The MacCarthy of Muskerry are a cadet branch of the MacCarthy Mor, Kings of Desmond. This cadet branch was founded by Dermot MacCarthy, 1st Lord of Muskerry, second son of Cormac MacCarthy Mor, King of Desmond, who was in 1353 created Lord of Muskerry by the English. This title's position is unclear. Cormac Laidir MacCarthy, 9th Lord of Muskerry was called Dominus and F. Dermot's descendant Cormac Oge MacCarthy, 17th Lord of Muskerry, was in 1628 created Charles MacCarthy, 1st Viscount Muskerry, and his son, the 2nd Viscount Muskerry, was in 1658 created Donough MacCarty, 1st Earl of Clancarty.

== Lands ==
The family's ancestral lands of were situated along the River Lee in the baronies of Muskerry West and Muskerry East, in central County Cork west of the City of Cork.

== Castles ==
- Blarney Castle, enlarged by Cormac Laidir MacCarthy, 9th Lord of Muskerry
- Carrigaphooca Castle, built by Dermot McCarthy of Drishane Castle.
- Castle Salem, Cork
- Kilcrea Castle, built by Cormac Laidir MacCarthy, 9th Lord of Muskerry
- Macroom Castle
- Carrigadrohid castle.
- Carrignamuck Tower House

== Monasteries ==
Kilcrea Friary, built by Cormac Laidir MacCarthy, 9th Lord of Muskerry

== Blarney Stone ==
The Blarney Stone passed from MacCarthy hands during the Williamite wars.

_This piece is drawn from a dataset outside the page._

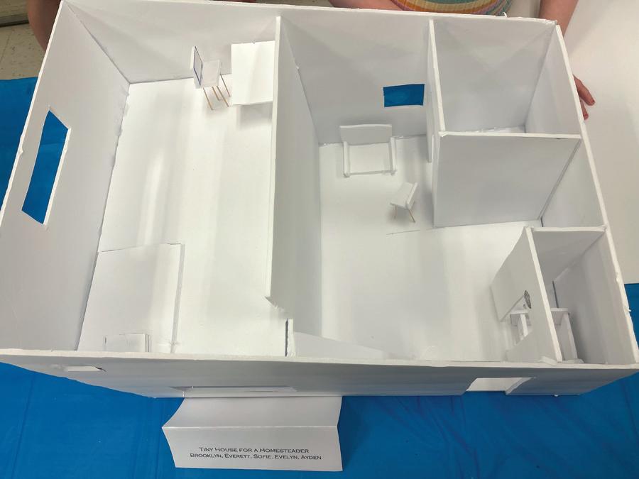 From blueprint to model, Stage IV students took on a Tiny House project full of a wide range of learning opportunities for creativity, teamwork, problem-solving, decision-making, and managing a long-term project Teams of students chose from a variety of diverse clients — a retired couple who own a dog and have a fixed income, a single parent with two kids on a budget, and a differently abled person, among others — to collaborate on designing homes They needed to learn about area and perimeter and consider what spatial awareness is and how space and measurement affect design Michael Prentis, retired architect, visited and talked with students about the process of going from a 2D plan to a 3D model, making revisions as they went along

Following the forfeiture by Donogh McCarthy, 4th Earl of Clancarthy, the castle property passed to the Hollow Sword Blade Company who subsequently sold it to Sir James St. John Jefferyes, Governor of Cork in 1688.

== Downfall ==
Donough MacCarthy, 4th Earl of Clancarty fought in the Williamite War in Ireland for James II of England against William III of England. He was attainted at the defeat in 1691 and the MacCarthys of Muskerry lost the noble titles of Earl of Clancarty, Viscount Muskerry, and Baron Blarney.

The titles of Mountcashel and Baron Castleinch, of the (1689 creation, went extinct with the death of Justin MacCarthy in 1694. At that date the MacCarthys of Muskerry had therefore lost all their noble titles in the peerage of Ireland.